How long do you spend balancing a game?  How many playtest games are needed before you commit to the board/cards/values that will be in the final game?
Ema: I have several notebooks where I write down my ideas. Sometimes these ideas never become a prototype. Sometimes different ideas merge together to make only one prototype. Some prototypes are no good so I decide to stop them. I playtest my games a lot before asking my friends to try them and I try to go to them only if the game really works. Of course, sometimes what looks like a promising design fails miserably to work with “real gamers”. But with more experience I have reduced the amount of time it takes to develop an idea. I’m able to decide if a game will work or not earlier than I could a few years ago. Therefore, I have more time to concentrate on valid ideas.

The number of playtests and amount of time to spend in tuning depends on the game. Assyria was really well tuned and Cyril from Ystari helped me a lot! Martinique is a much easier game and only a small amount of tuning was required. Byzanz, on the other hand, required almost no further tuning (only the rule for the special case where all players pass the auction was discussed with Amigo’s developer).

How did you sell your first game?  Did you self-publish?  How did you get your first publishing deal?
Ema: My very first game was Fantasy Pub. My wife and I decided to self-publish the game and to go to Essen to try our luck. It was a great fun and sold out. The next year we were at the fair with Oltremare and this time the success was even greater. I was contacted by several publishers for a license a few times after this which resulted in the creation of the Amigo version. The nice thing was that, in the meantime, Tilsit was really interested in a new version of Fantasy Pub and the two games in the new edition were finally released together at Essen.

Is designing your full-time job?  When you did your first game, did you do it full-time or have another job too?
Ema: I have another job. I am software engineering and I am currently working as support for a US-based software company.

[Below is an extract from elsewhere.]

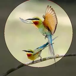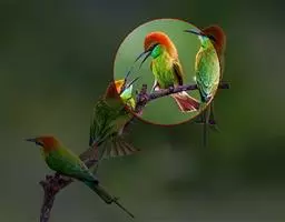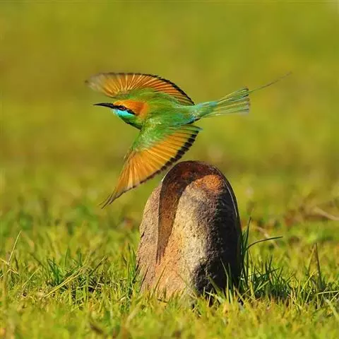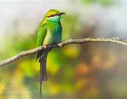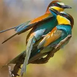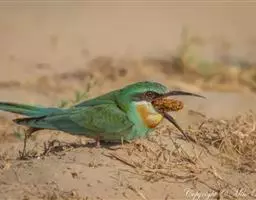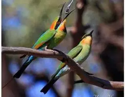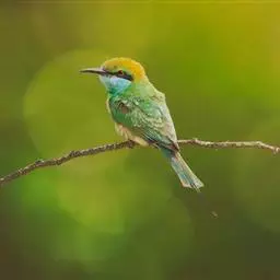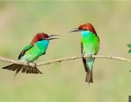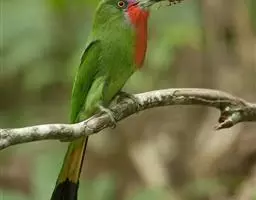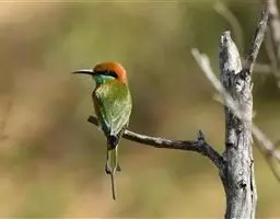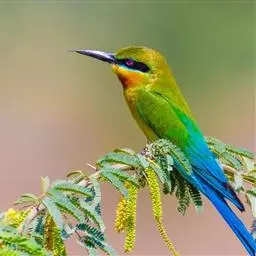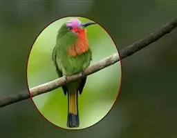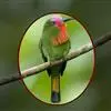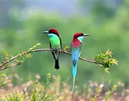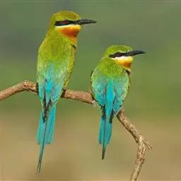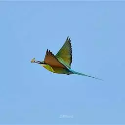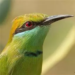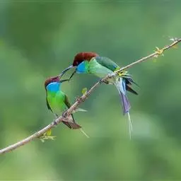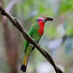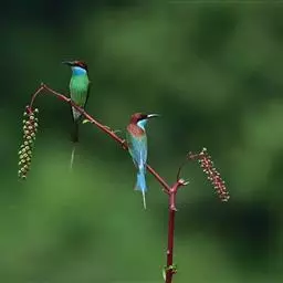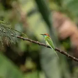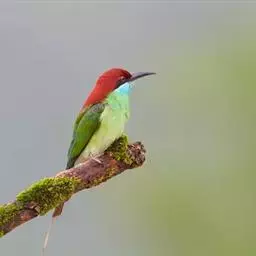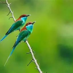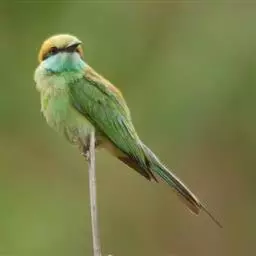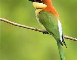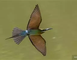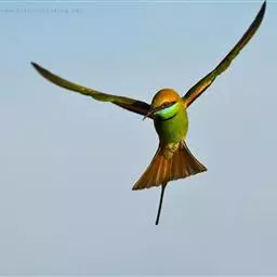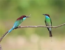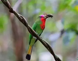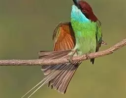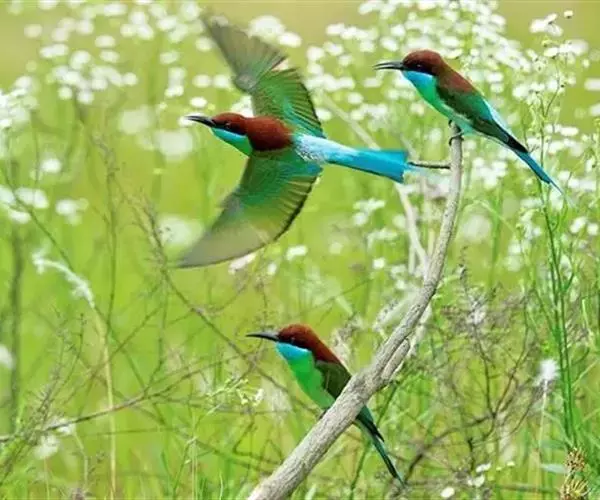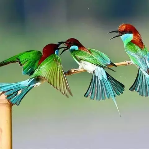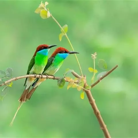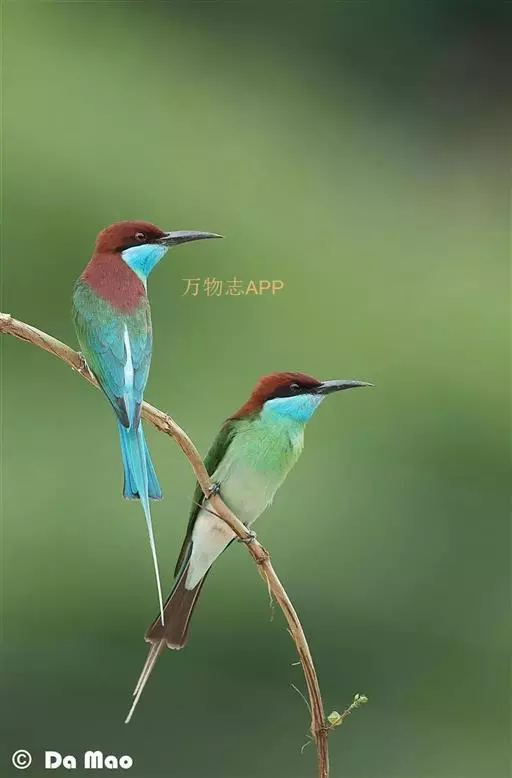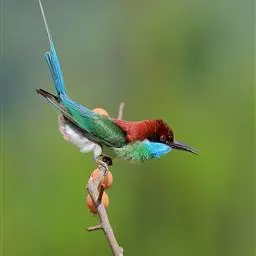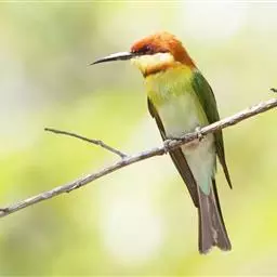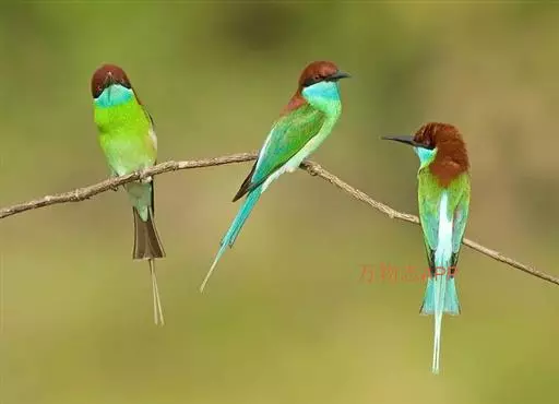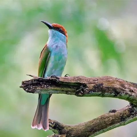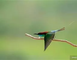 蓝喉蜂虎(学名:Merops viridis)中型鸟类,体长26~28厘米。头顶至上背栗红色或巧克力色,过眼线黑色,腰和尾蓝色,翼蓝绿色,腰及长尾浅蓝,中央尾羽延长成针状,明显突出于外。颏喉蓝色,其余下体和两翅绿色。嘴细长而尖,黑色,微向下曲。

The boardgame market is not rich enough to give me and my family the chance to live off of this.

How much time each week do you spend on game design? Do you try to work fixed hours or just work when your mind is being creative?
Ema: My mind never really stops being creative. The “alone playtest” phase is in the evening – Almost each evening I spend few hours to think, design, prepare prototypes or play for my own. So I could say about 3-4 evenings per week, plus a couple of nights to play. The secret? Avoiding the television gives me more and more free time and doesn’t kill my mind.

Do you get requests to design games for companies now?
Ema: Not really, but I am available if any company is interested.

Have you ever attended the game designers/publishers event in Göttingen?  If so, was it useful?
Ema: No, I discovered this after I published some games, so I never went there.

Do you have game designs in production for 2010?
Ema: There are some prototypes in test to different publisher at the moment. But I have no idea if they like these games and want to publish anything in 2010. Big publishers take a long time for the whole process. So if you sign a contract now you, it will probably take more than one year to have the game published, but who knows?

I am hoping to release my first game at Essen 2010.  Do you have any advice for first-time designers like me?
Ema: Good luck! My idea is that at Essen you can reach a lot of gamers. Mainly if you are a small company it’s good to have a gamer game. Try to have people talk about your game. Then you will have done the first step in the right direction!

Thank you so much, Ema, for sharing your thoughts and experiences.  Good luck with your future games. We look forwards to them.


You can read a review of Assyria here.

2 Responses to “Interview: Emanuele Ornella (Part 2)”

  1. Massimiliano Cuccia Says:

    good review!
    thanks and good luck for your game design!!

  2. Eisley Says:

    Thanks, Massimiliano. I appreciate it.